The diameter of polyoma was measured in different ways, but all methods we tried proved unreliable because they ultimately depended on knowing the location of the particle–solvent interface (fig. 2). These methods included the use of CAD plots generated from image averages (figs. 1C and 1E), direct measurements from the three-dimensional maps (figs. 1G,1I and 2), and spherically averaged density (SAD) plots computed from the reconstructions (discussed below). Because these methods all failed to give consistent diameter measurements, we found it necessary to adopt a different strategy. This involved identifying invariant features in the object at radii beneath the external surface and accurately calibrating them with a known standard, which was obtained from X-ray crystallography.
3.2. SAD versus CAD plots
The fundamental difference between CAD plots from two-dimensional images and SAD plots from three-dimensional structures arises from the superposition of object densities at different radii that occur in projected images (fig. 3). The intensity at a particular radius, r, in a CAD plot is a projected sum of object densities at radii within the object greater than or equal to r. The origin of a CAD plot (r = 0) thus contains contributions from all densities in the view direction including density above and below the particle. An SAD plot, in contrast, is computed directly from the three-dimensional density map. Therefore, the value at a radius, r, in the SAD plot is just the mean particle density at that particular radius.
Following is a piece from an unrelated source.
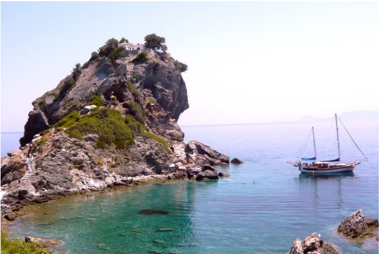
ANATOLIE on anchor under "Mamma mia" Church

Positions of peak values in SAD and CAD plots need not correspond or be correlated in any simple way, especially for complex models (figs. 3 and 4). In a simple, spherical shell of uniform density (fig. 3, right column) the CAD plot shows a single peak corresponding to the inner radius of the shell, whereas the SAD plot of the same model is a simple, binary function (uniform density within the bounds of the shell and zero density elsewhere). This simple illustration shows how SAD plots can provide a more accurate measure of the radii of specific features compared to CAD plots.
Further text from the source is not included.